(Information supplied)
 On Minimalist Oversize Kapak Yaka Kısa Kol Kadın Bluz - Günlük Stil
(End Information supplied)
(Information supplied)
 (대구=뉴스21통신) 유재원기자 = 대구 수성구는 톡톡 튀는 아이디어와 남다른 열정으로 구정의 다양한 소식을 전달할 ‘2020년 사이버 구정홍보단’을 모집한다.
(End Information supplied)
(Information supplied)
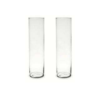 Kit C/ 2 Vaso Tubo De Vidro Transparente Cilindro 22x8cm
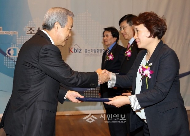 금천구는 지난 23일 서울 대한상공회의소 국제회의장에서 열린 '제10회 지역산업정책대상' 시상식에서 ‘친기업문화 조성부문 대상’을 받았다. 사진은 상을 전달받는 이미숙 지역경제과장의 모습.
(End Information supplied)
Above are the records. Copy only the lines from the one with "Kit C/ 2 Vaso" through the one with "금천구는 지난 23일", exactly, with no pictures.

 Kit C/ 2 Vaso Tubo De Vidro Transparente Cilindro 22x8cm
 금천구는 지난 23일 서울 대한상공회의소 국제회의장에서 열린 '제10회 지역산업정책대상' 시상식에서 ‘친기업문화 조성부문 대상’을 받았다. 사진은 상을 전달받는 이미숙 지역경제과장의 모습.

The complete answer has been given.